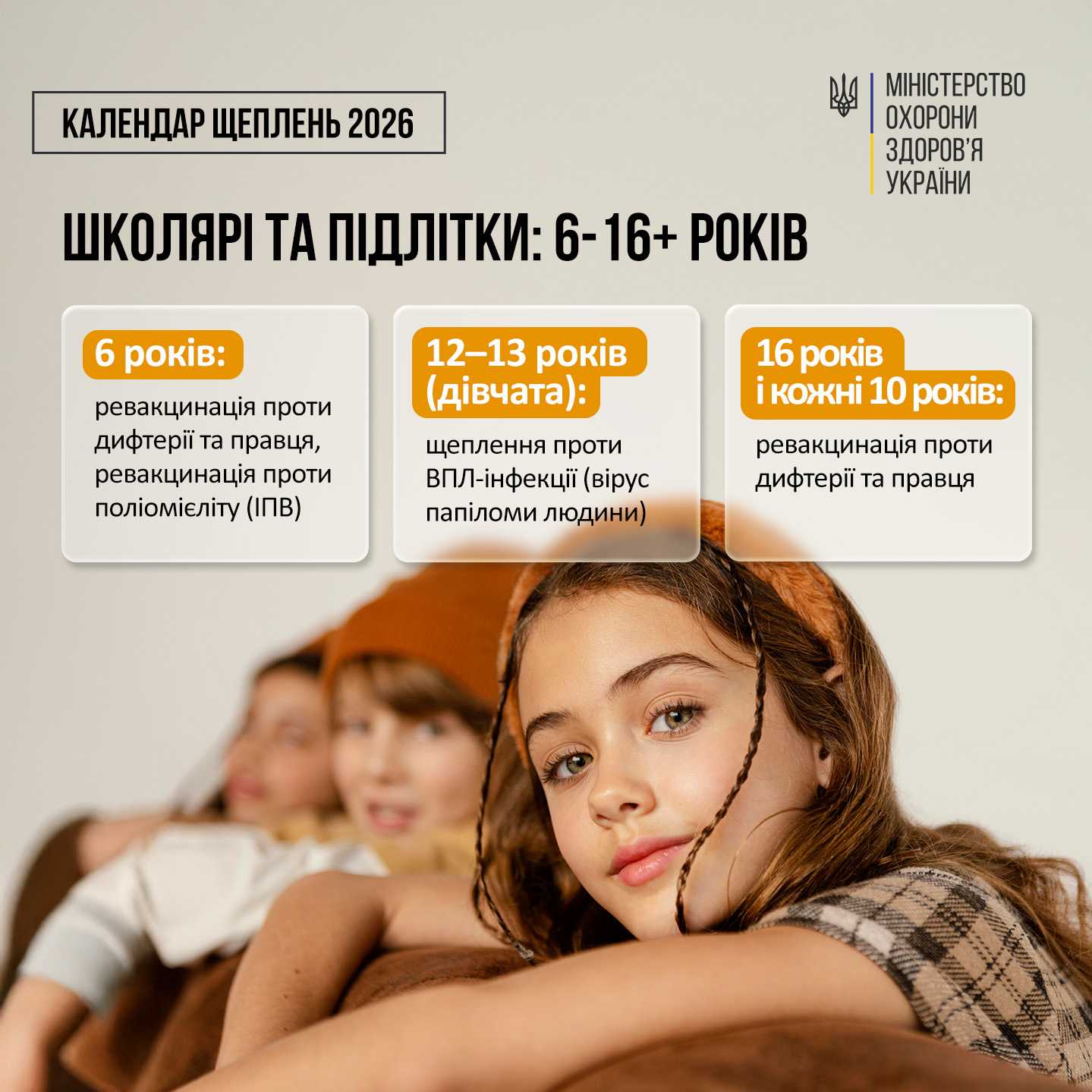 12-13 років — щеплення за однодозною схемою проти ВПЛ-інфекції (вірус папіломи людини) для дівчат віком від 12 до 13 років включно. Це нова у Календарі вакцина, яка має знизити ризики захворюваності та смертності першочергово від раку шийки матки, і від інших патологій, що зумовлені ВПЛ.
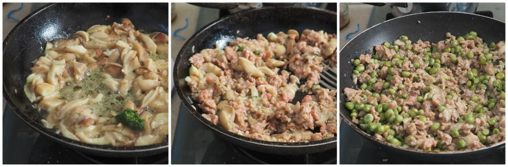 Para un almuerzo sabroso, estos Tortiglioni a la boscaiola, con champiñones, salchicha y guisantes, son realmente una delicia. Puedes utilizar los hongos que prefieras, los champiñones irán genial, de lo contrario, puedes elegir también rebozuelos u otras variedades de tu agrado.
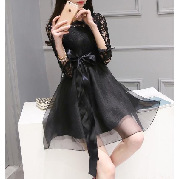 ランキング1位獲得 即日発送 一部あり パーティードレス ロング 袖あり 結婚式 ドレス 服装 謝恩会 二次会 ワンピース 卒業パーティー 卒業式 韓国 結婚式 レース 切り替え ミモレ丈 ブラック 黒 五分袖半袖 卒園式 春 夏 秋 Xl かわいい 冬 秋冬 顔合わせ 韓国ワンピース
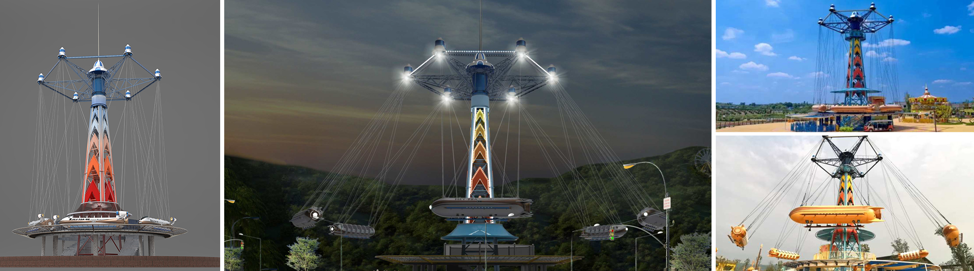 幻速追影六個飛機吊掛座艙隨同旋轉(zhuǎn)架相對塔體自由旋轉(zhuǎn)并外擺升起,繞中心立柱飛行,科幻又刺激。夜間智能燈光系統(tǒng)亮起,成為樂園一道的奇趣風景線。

* _Activity_: Word for word, restate every line of the listing, omitting the pictures.

* _Your response_:
 12-13 років — щеплення за однодозною схемою проти ВПЛ-інфекції (вірус папіломи людини) для дівчат віком від 12 до 13 років включно. Це нова у Календарі вакцина, яка має знизити ризики захворюваності та смертності першочергово від раку шийки матки, і від інших патологій, що зумовлені ВПЛ.
 Para un almuerzo sabroso, estos Tortiglioni a la boscaiola, con champiñones, salchicha y guisantes, son realmente una delicia. Puedes utilizar los hongos que prefieras, los champiñones irán genial, de lo contrario, puedes elegir también rebozuelos u otras variedades de tu agrado.
 ランキング1位獲得 即日発送 一部あり パーティードレス ロング 袖あり 結婚式 ドレス 服装 謝恩会 二次会 ワンピース 卒業パーティー 卒業式 韓国 結婚式 レース 切り替え ミモレ丈 ブラック 黒 五分袖半袖 卒園式 春 夏 秋 Xl かわいい 冬 秋冬 顔合わせ 韓国ワンピース
 幻速追影六個飛機吊掛座艙隨同旋轉(zhuǎn)架相對塔體自由旋轉(zhuǎn)并外擺升起,繞中心立柱飛行,科幻又刺激。夜間智能燈光系統(tǒng)亮起,成為樂園一道的奇趣風景線。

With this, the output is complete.